Filtering "Illegal" Video

I've never paid much attention to the abilities to filter traffic because I didn't care what my customers were doing until which time a lawful order told me to care.

Someone recently asked me that since there was only one legal way in a particular country to consume television service over IP, was there any way to block the "illegal" streams. I put "illegal" in quotes because some of it really is the pirated crap, but some is likely just watching Netflix, Prime, Hulu, etc. over a VPN.

With the tooling I have, no, I can't block that stuff. Well, at least not with any precision. I'd certainly miss a bunch and there would be a bunch of collateral damage. However, I also know that I'm not using overly sophisticated tooling or methods to achieve this.

Are there platforms out there that can accomplish this with any precision?

No, I don't know what constitutes "TV" in that jurisdiction, nor do I ask this group to weigh in on that. Are YouTube, Vimeo, and Rumble "TV"? Are Netflix and Prime "TV"?

..

Are there platforms out there that can accomplish this with any precision?

the Snort IDS? Any product capable of deep packet inspection that
can be plugged into a Tap or SPAN port.
Many network-based IDS would allow you to write custom rules to
detect packets matching certain patterns.

Then if the packet being sent out matches your custom rules one can
execute a trigger condition, such as temporarily block the customer IP
address for 2 minutes, until all their opened TCP connections time
out.

There's a scalability issue in that a large carrier would require a
massive number of analysis machines.
The cost and hardware resources to operate inspection devices can be
very high, and they can be very prone to false positives.
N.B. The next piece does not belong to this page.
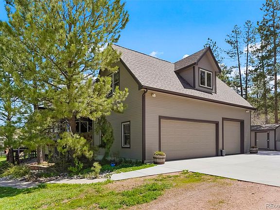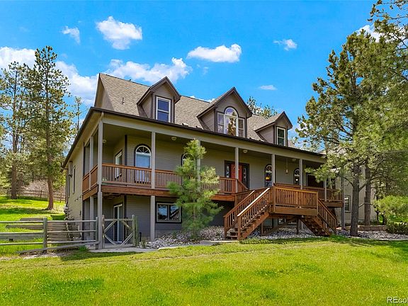 Veranda style front porch with entry to a large great room with gas fireplace that opens to a country kitchen, dining room and master bedroom suite. All rooms have abundant natural sunlight, and the main level opens to a spacious back deck with woodland views providing privacy and the enjoyment of nature for all the colorful Colorado seasons. Additional 2 bedrooms and full bath upstairs and a finished basement with 2 bedrooms, full bath, flex space, and large storage room. Oversize 3 car garage connected to house and studio apartment by covered breezeway. Studio apartment with private entry has private bath, gas heater stove, and full kitchen.

No, I don't know what constitutes "TV" in that jurisdiction, nor do I ask this group to weigh in on that. Are YouTube, Vimeo, and Rumble "TV"? Are Netflix and Prime "TV"?

In most of the world "Block all Illegal TV" would be a vague
unenforceable order.
The biggest thing you had to do in that case may be to file a response
to the order and provide
what additional information/direction is necessary.

Carrying out a blocking order for an ISP would generally include steps
such as modifying your
recursive DNS server policies to deny lookups for the domain names to
be blocked. Or possibly
adding ACLs to deny traffic towards IP addresses from your customers
on your network within jurisdiction
provided the IP addresses belong to entities to be blocked.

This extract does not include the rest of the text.